Where are the children ni President Bush’s budget
by Marian Wright Edelman
President George W. Bush’s $3.1 trillion Fiscal Year 2009 Federal Budget, released Feb. 4, makes it clear that he has far less regard for our nation’s children than for the richest, most powerful Americans — and far more interest in waging war than in waging peace. Permanent tax cuts for the richest Americans and an increase in war spending are the anchors of this White House budget.
The Federal Budget is not just a spending plan: It reflects our nation’s deepest priorities. Even a cursory analysis of President Bush’s spending proposal reveals a failure in many areas to construct a budget that protects the well-being of children in low- to middle-income families. Today, 12.8 million children live in poverty, an increase of 1.2 million children since the president took office. If adopted by Congress, the administration’s budget threatens to increase the number of children in America who are poor, uninsured, and lacking access to quality early childhood and education programs.
President Bush’s plan would cut the budget for Medicaid, the frontline program that makes health care accessible to the nation’s poorest children. And while the president did propose a larger but still woefully small five-year increase in the State Children’s Health Insurance Program (SCHIP) than he did last year, it is still not enough to cover even all currently enrolled children, much less to make program improvements or enroll any of the more than 9.4 million uninsured children in America — whose numbers have increased by over 1 million in the past two years. Bush proposes to eliminate the Emergency Medical Services for Children program, which supports the nation’s nearly 60 independent children’s teaching hospitals as well as the Children’s Graduate Medical Education program, which trains 4,700 pediatricians and pediatric subspecialists, according to the American Academy of Pediatrics.
In addition to tens of billions of dollars in cuts to vital programs, the president’s budget also calls for increased restrictions on state efforts to cover uninsured children. Last summer, without congressional approval, the Bush administration changed the SCHIP and Medicaid rules for providing health coverage to children with family incomes that exceed 250 percent of the federal poverty level ($53,000 for a family of four). This was a back-door effort to circumvent the congressional legislative process and reduce federal support for children’s health coverage.

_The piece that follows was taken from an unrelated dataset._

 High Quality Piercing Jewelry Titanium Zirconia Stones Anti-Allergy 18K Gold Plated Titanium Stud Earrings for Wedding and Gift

In his current budget proposal, Mr. Bush seeks to extend these harmful new rules to more children and to prohibit states from providing health coverage to uninsured children in families with incomes that exceed 200 percent of the federal poverty level ($42,400 a year for a family of four), unless certain unrealistic conditions are met. Among these conditions is a requirement that states assure specific levels of employer-sponsored health coverage — something that state officials have no authority to regulate. States would also be required to impose a 12-month waiting period before enrolling a child in SCHIP, without any exceptions — even a parent’s loss of employment or death. These changes would affect at least 26 states that already cover children who live at above 200 percent of the poverty level.
The Bush budget assaults vital nutrition programs for children. This is the fourth year in a row that Bush has proposed changes that would eliminate Food Stamps for more than 300,000 people in low-income families with children, according to the Food Research and Action Center. His budget plan does not include enough funding to meet the expected needs of the Special Supplemental Nutrition Program for Women, Infants, and Children (WIC). For the third year in a row, the president proposes to eliminate funding for the Commodity Supplemental Food Program, which would halt the distribution in an average month of nutritious food packages to more than 473,000 low-income mothers, children under age 6, and seniors.

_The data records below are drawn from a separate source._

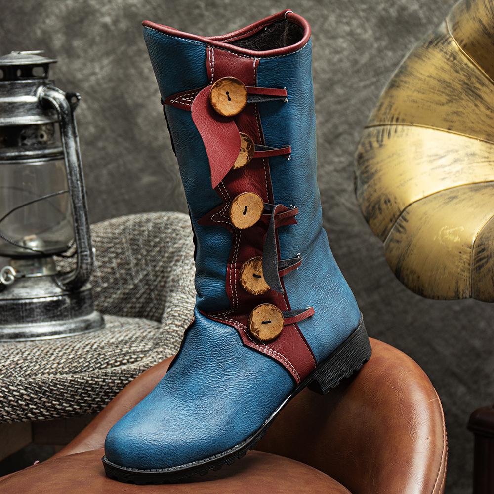 Women PU Leather Round Head Waterproof Non-slip Wear Resistant Mid-calf Boots
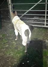 Thick, good quality jumpsuit. Brightly reflected in the dark. Ordered size 4XL for Labrador. Sat down well. A little big in the length of the paws, you can sow. It was 1,5 months. With a costume are Velcro inscriptions. Came the ones I chose.
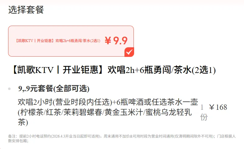凯歌KTV(南京曼度店)江苏省南京市玄武区杨将军巷9号D9街区曼度广场4楼购买日期· 2026.03.23 - 2026.04.17使用时间· 2026.04.03 - 2026.04.29预约方式· 至少提前2小时致电商家预约,高峰期需等位营业时间· 周一至周日2026.04.03-04.29(2026年4月3日开业当日起即可适用)酒吧类使用规则· 套餐内包含的酒水不可打包带走,仅限店内存放使用规则· 周末节假日适用(2026.2.28开业当日起即可适用)· 本套餐不可叠加使用· 图片仅供参考· 活动不可同时享受店里其他优惠活动,大于套餐内容费用,按店内实际收费另付· 购买此套票视为认同此声明及认同活动规则用户退款说明· 放心囤,随心退订单在使用有效期内,未使用,未预约,未核销均可直接发起全额退款。如有特殊使用规则,以商家使用说明为准。购买日期· 2026.03.23 - 2026.04.17使用时间· 2026.04.03 - 2026.04.29预约方式· 至少提前2小时致电商家预约,高峰期需等位营业时间· 周一至周日2026.04.03-04.29(2026年4月3日开业当日起即可适用)酒吧类使用规则· 套餐内包含的酒水不可打包带走,仅限店内存放使用规则· 周末节假日适用(2026.2.28开业当日起即可适用)· 本套餐不可叠加使用· 图片仅供参考· 活动不可同时享受店里其他优惠活动,大于套餐内容费用,按店内实际收费另付· 购买此套票视为认同此声明及认同活动规则用户退款说明· 放心囤,随心退订单在使用有效期内,未使用,未预约,未核销均可直接发起全额退款。如有特殊使用规则,以商家使用说明为准。如果你喜欢唱K、开Party,接下来你可能会心跳加速
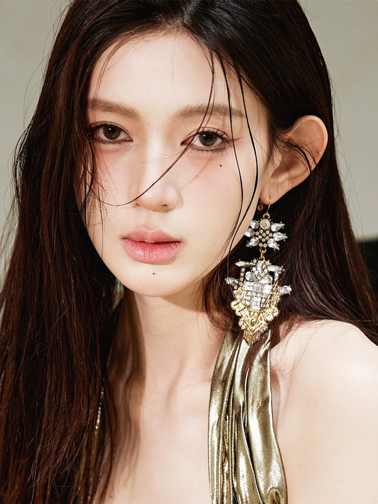 DOLLY Elegant Stylish Ancient Gold Diamond Vintage Earrings-ELINA (V)
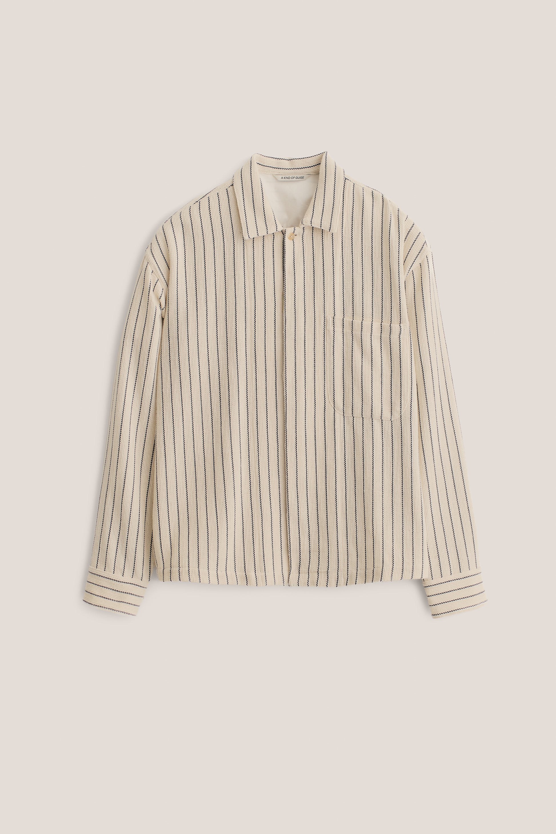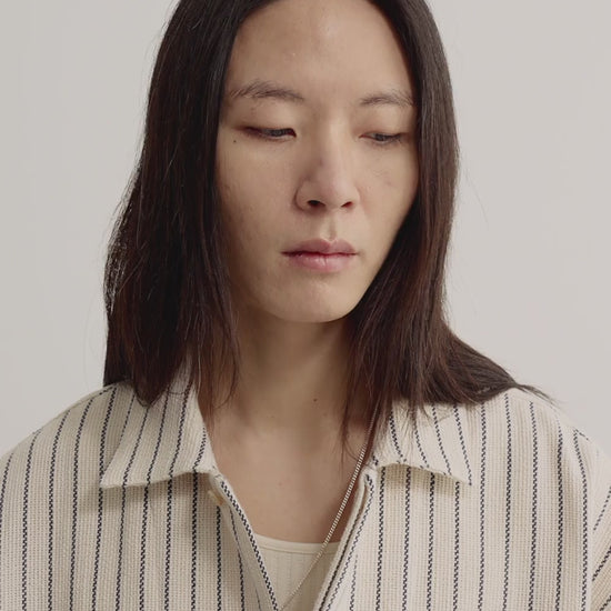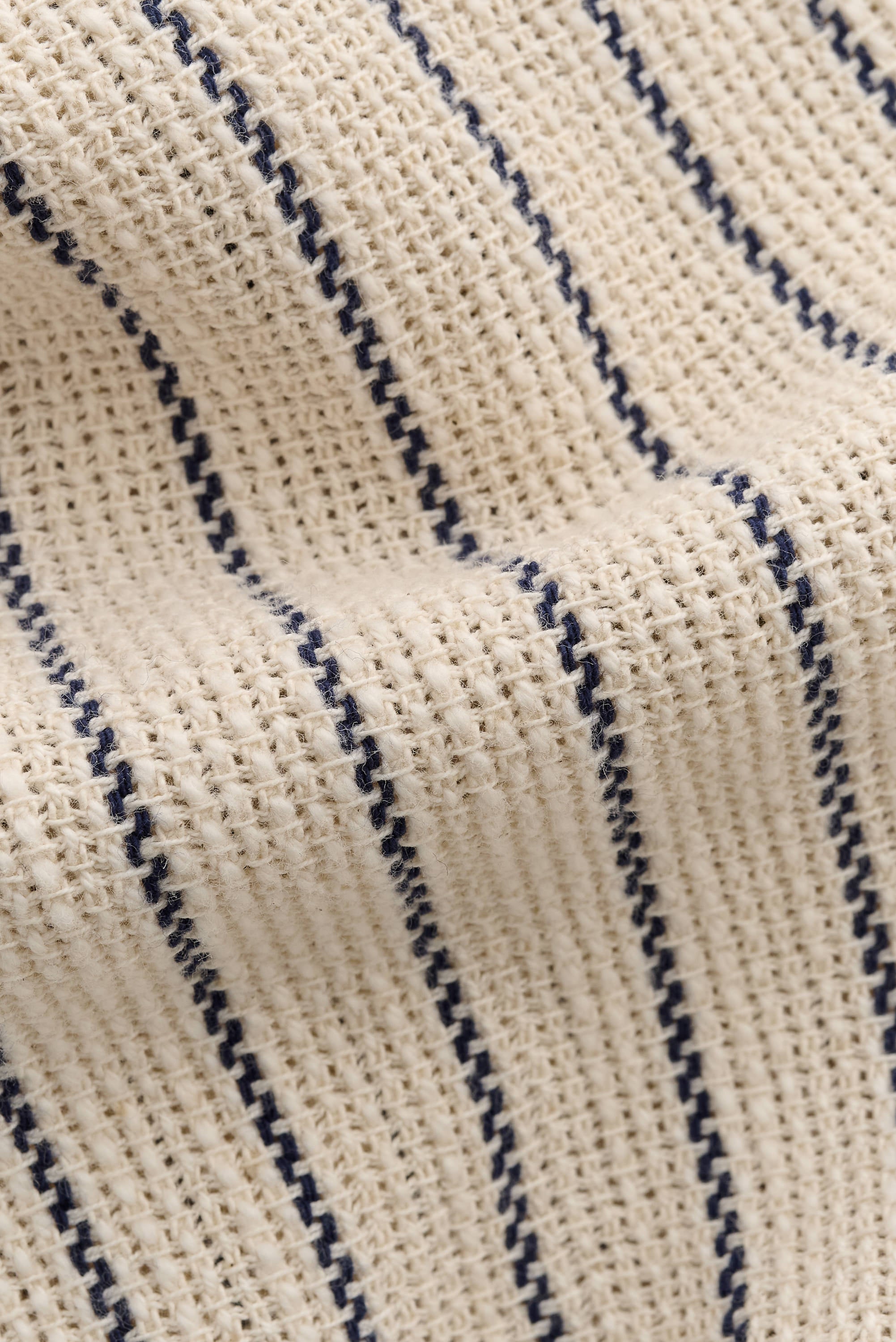 FABRIC: Woven in Spain, this cotton and recycled cotton blend has an off-white base with contrasting navy stripes arranged in an engineered pattern. The open weave makes it breathable and comfortable to wear.

The president’s budget would cut funding for other basic needs, such as the Section 8 housing voucher program, a rent subsidy for low-income families. The reductions in his plan would result in at least 100,000 fewer households receiving assistance, according to estimates from the Center on Budget and Policy Priorities.

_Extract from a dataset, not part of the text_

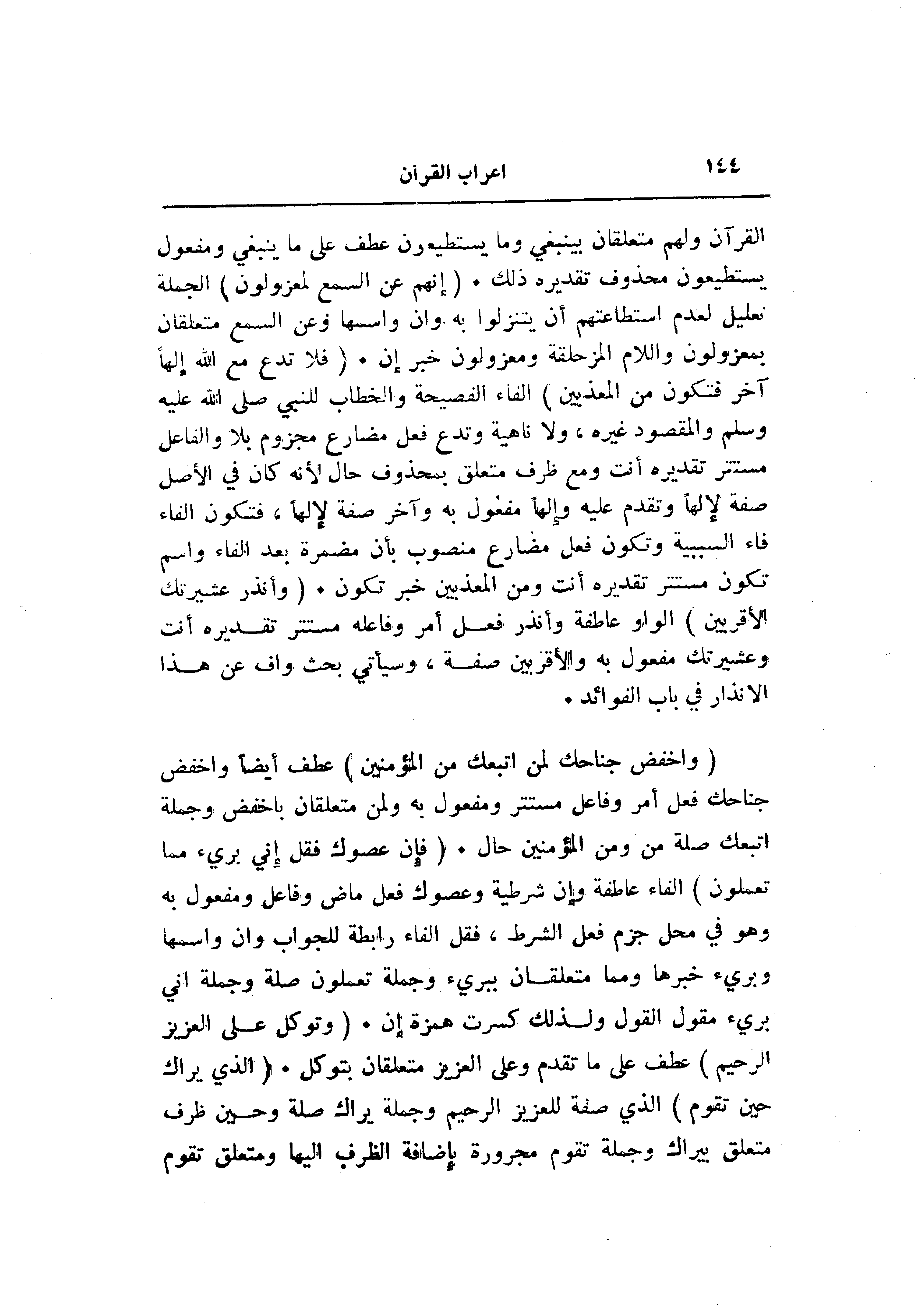القرآن ولهم متعلقان بينبغي وما يستطيعون عطف على ما ينبغي ومفعول يستطيعون محذوف تقديره ذلك. (إِنَّهُمْ عَنِ السَّمْعِ لَمَعْزُولُونَ) الجملة تعليل لعدم استطاعتهم أن يتنزلوا به وان واسمها وعن السمع متعلقان بمعزولون واللام المزحلقة ومعزولون خبر إن. (فَلا تَدْعُ مَعَ اللَّهِ إِلهاً آخَرَ فَتَكُونَ مِنَ الْمُعَذَّبِينَ) الفاء الفصيحة والخطاب للنبي صلى الله عليه وسلم والمقصود غيره، ولا ناهية وتدع فعل مضارع مجزوم بلا والفاعل مستتر تقديره أنت ومع ظرف متعلق بمحذوف حال لأنه كان في الأصل صفة لإلها وتقدم عليه وإلها مفعول به وآخر صفة لإلها، فتكون الفاء فاء السببية وتكون فعل مضارع منصوب بأن مضمرة بعد الفاء واسم تكون مستتر تقديره أنت ومن المعذبين خبر تكون. (وَأَنْذِرْ عَشِيرَتَكَ الْأَقْرَبِينَ) الواو عاطفة وأنذر فعل أمر وفاعله مستتر تقديره أنت وعشيرتك مفعول به والأقربين صفة، وسيأتي بحث واف عن هذا الانذار في باب الفوائد.
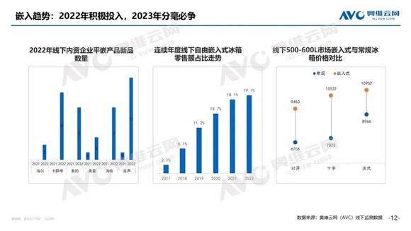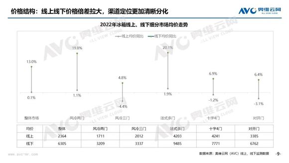 奥维云网(AVC)监测数据显示,2022年冰箱线上、线下市场零售均价同比分别增长0.1%和13.0%。线下各细分市场均保持稳健的价格增长能力,线上价格竞争激烈程度趋于温和,风冷三门、十字和对开的价格降幅均低于5%。

The president’s proposed addition of $149 million for Head Start will not meet projected increased costs, let alone provide funding for the hundreds of thousands of children who are eligible for Head Start but are not in the program. And his increase for Pell Grants will not keep pace with the skyrocketing costs of a college education. It is astonishing that Mr. Bush is asking Congress to eliminate 47 programs in the U.S. Department of Education that would disproportionately affect low-income, minority, and at-risk children, including, for example, the Supplemental Education Opportunity Grants that benefit college students from America’s poorest families.
Taken as a whole, President Bush’s budget plan is a profound rejection of our nation’s most vulnerable children. When he requests $675 billion for overall military spending in fiscal year 2009, an 11 percent increase over this year, but can’t ensure that children from low-income families have basic nutrition, health care, and quality education, it’s time for President Bush to rethink his budget priorities.
Marian Wright Edelman is president and founder of the Children’s Defense Fund (CDF) and its Action Council, whose mission is to Leave No Child Behind and to ensure every child a Healthy Start, a Head Start, a Fair Start, a Safe Start, and a Moral Start in life and successful passage to adulthood with the help of caring families and communities.